Stored data entries
• • • •

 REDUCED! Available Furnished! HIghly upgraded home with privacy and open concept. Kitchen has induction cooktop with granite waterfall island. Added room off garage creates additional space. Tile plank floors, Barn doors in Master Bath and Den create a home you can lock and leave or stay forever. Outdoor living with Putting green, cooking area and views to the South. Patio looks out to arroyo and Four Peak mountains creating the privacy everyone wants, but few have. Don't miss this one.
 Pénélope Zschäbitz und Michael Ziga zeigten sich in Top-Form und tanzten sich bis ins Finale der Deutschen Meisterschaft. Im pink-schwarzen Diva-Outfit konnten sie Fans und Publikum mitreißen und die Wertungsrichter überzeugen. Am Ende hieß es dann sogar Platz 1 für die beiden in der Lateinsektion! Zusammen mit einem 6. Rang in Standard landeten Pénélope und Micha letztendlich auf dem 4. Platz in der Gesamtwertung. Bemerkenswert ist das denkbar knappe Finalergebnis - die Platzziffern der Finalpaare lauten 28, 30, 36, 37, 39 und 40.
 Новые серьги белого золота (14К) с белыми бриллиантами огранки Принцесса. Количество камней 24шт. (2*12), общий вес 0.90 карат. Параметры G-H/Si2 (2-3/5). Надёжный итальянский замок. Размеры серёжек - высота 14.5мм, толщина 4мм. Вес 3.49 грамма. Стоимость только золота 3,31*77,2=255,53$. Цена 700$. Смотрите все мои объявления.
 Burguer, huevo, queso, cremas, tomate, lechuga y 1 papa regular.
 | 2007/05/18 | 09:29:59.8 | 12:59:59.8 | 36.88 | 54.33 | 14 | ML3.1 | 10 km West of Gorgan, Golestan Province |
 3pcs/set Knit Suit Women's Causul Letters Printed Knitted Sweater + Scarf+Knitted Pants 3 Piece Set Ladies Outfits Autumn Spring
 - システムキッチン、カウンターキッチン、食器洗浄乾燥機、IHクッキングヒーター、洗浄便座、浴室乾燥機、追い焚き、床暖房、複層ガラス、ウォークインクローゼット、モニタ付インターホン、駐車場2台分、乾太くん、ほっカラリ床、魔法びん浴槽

• • • •

Your objective:
Write out exactly, and only, each line from the one with "3pcs/set Knit Suit" down to the last line of the records above.

The answer:
 3pcs/set Knit Suit Women's Causul Letters Printed Knitted Sweater + Scarf+Knitted Pants 3 Piece Set Ladies Outfits Autumn Spring
 - システムキッチン、カウンターキッチン、食器洗浄乾燥機、IHクッキングヒーター、洗浄便座、浴室乾燥機、追い焚き、床暖房、複層ガラス、ウォークインクローゼット、モニタ付インターホン、駐車場2台分、乾太くん、ほっカラリ床、魔法びん浴槽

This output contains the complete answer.